Currently only 9% of engineers in the UK are women, which completely baffles me. There is a shortage of engineers in the UK and encouraging more women into engineering is going to be the only way to fill this ‘talent gap’. Afterall, there is a lot of evidence to prove that, the more diverse the team of designers, the better the design. Look at what happened when the first crash-test dummies were designed by a team that consisted only of men.

That is to say: Except for ‘tradition’ there is nothing about engineering that inherently makes it more suited to men than to women.

Engineering, and the creative, practical solutions that engineers generate, are going to be needed more than ever as humanity works to overcome the challenges that face humanity around climate change. There are lots of excellent reasons why engineering is a great career choice, and I would encourage anyone to consider it. There are routes into engineering via apprenticeships, college and university.

I cannot emphasise enough the way that marine renewables is a fantastic industry for engineers. Here are my top five favourite things about being an engineer in this space:

  • The lovely team of people who I get to work with. Since moving to marine renewables, I’ve been lucky enough join teams of engineers who genuinely care about their work and who care about each other. Being part of a team and working with people who have different strengths and different knowledge to create something together, is great fun and really rewarding.
  • I am very lucky to be able to work in an industry that is aligned with my values.

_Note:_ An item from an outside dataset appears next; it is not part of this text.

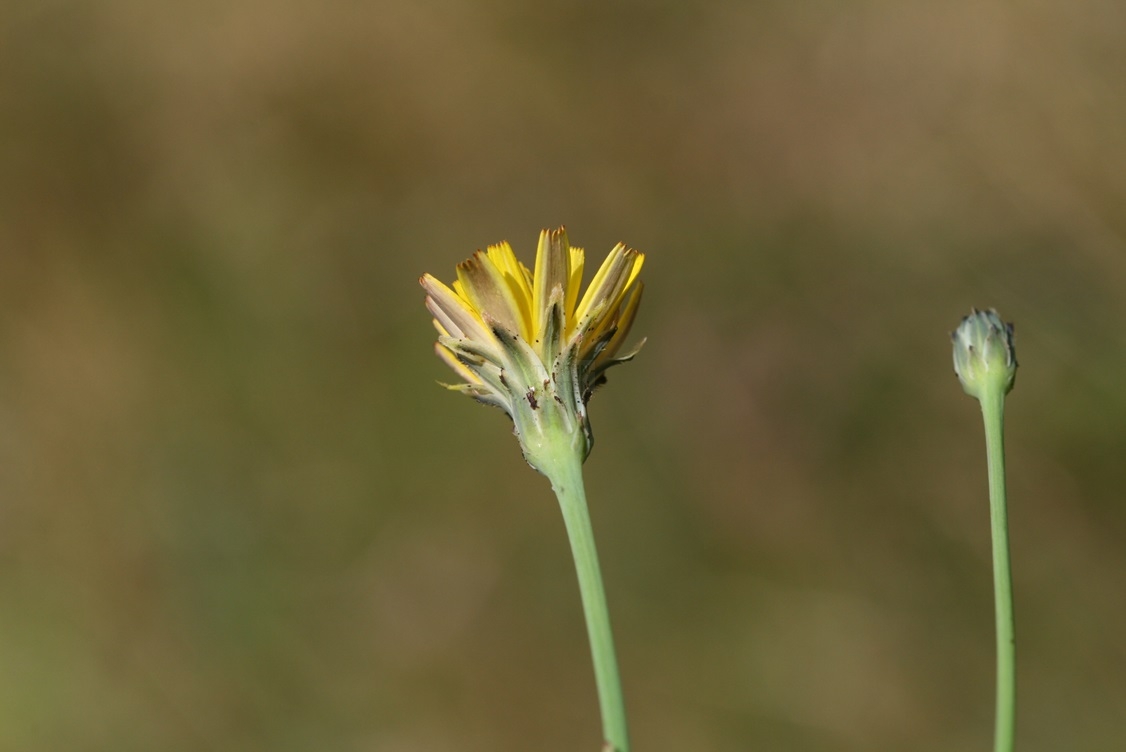 Die Pflanzen bilden eine Pfahlwurzel oft mit Seitenwurzeln und basale Blattrosetten. Die Stängel sind aufrecht, locker verzweigt oder unverzweigt, blaugrün, kahl oder unten steifhaarig, blaugrün, unterm dem Köpfchen kaum verdickt, mit 0–2 Laubblättern und wenigen Schuppenblättern. Die Grundblätter sind grün, ungefleckt, zerstreut borstig behaart, entfernt buchtig gezähnt bis ganzrandig, dem Boden angedrückt. Die Köpfchen sind 20–35 mm im Durchmesser groß, mit zitronengelben Blüten, die etwa 2mal so lang wie die Spreublätter sind. Die Hüllblätter sind länglich, kahl oder schwach borstig behaart. Später bilden sich lang geschnäbelte Früchte mit 2-reihigem Pappus, innen fedrig, außen kaum fedrig.

I am very concerned about the climate crisis, and I am so glad to know that the work I’m doing to help build a sustainable industry for Scotland and to create new technology for the world will go some way to helping to make our energy production sustainable for the long term.
  • One of the great things about engineering is how creative it is. You are daily solving problems that no one has ever had before and when you design something and then see it getting made, you can see how your own work and ideas have had an impact. You can think “This exists because of me.” Your actions and decisions have concrete outcomes that you can measure and see.
  • Getting to travel. Through working in marine renewables, I’ve not only gotten to travel to beautiful Orkney, but also to Brussels, Gothenburg, Dublin, Hamburg and various other parts of Germany and the Czech Republic. It is always interesting seeing new cities and meeting engineers from other countries.
  • There’s always something new to learn in marine renewables. I grew up in the prairies thousands of kilometres from the ocean, so I didn’t know anything about tides, boats, quaysides, cranes or corrosion of metals in sea-water before I joined this industry.

As engineers we are at the front in developing sustainable technologies to generate green energy, to keep homes warm in a carbon neutral way, and to expand low carbon transportation such as trains. There is exciting new work going on in energy storage, the generation of ‘clean’ hydrogen and even low-carbon aviation. By studying engineering, you can bring your creativity, teamwork and problem-solving to tackling the big issues of our time and you can really make a difference.